Inequality, Financial Development and Economic Growth in the OECD, 1870-2011
Jakob Madsen, Rabiul Islam & Hristos Doucouliagos
European Economic Review, January 2018, Pages 605-624
Abstract:
Inequality's effect on growth remains elusive, largely due to endogeneity, complex interactions, and lead-lag relationships. We revisit this issue by examining the four main channels through which inequality transmits to growth: savings, investment, education, and knowledge production. We construct new panel data for 21 OECD countries spanning 142 years. External communist influence is used as a new time-varying instrument for inequality and the effects of inequality on the outcome variables are made conditional on the stage of financial development. Our results show that inequality hampers growth at low to moderate levels of financial development but has little effect on growth at advanced levels of financial development.
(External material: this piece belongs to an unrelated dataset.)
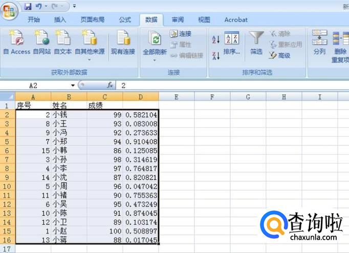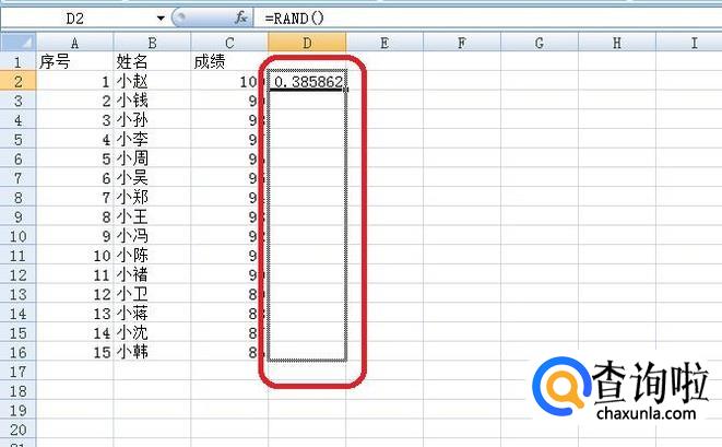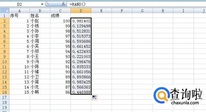 如图所示,把该单元格下拉填充,则插入一列随机值。

Ethnic Diversity and Ethnic Discrimination: Explaining Local Public Goods Provision
Alexander Lee
Comparative Political Studies, forthcoming
Abstract:
Numerous studies have found that ethnic diversity is negatively associated with the provision of local public goods. However, these accounts neglect both the strong role of central institutions in the provision of many "local" public goods and the frequently positive correlation between diversity and the presence of less politically powerful ethnic groups. These factors suggest that existing diversity findings may be explained in some cases by central governments discriminating against areas inhabited by less powerful groups. This hypothesis is tested using data in village-level public goods provision in Northern India, supplemented by data on service provision in Kenyan villages and American cities. While there is evidence that the presence of socially powerful groups is positively associated with service provision, evidence for the diversity hypothesis is weak. The results suggest that failures of public services in diverse areas may reflect larger inequalities within the political system rather than local problems in cooperation.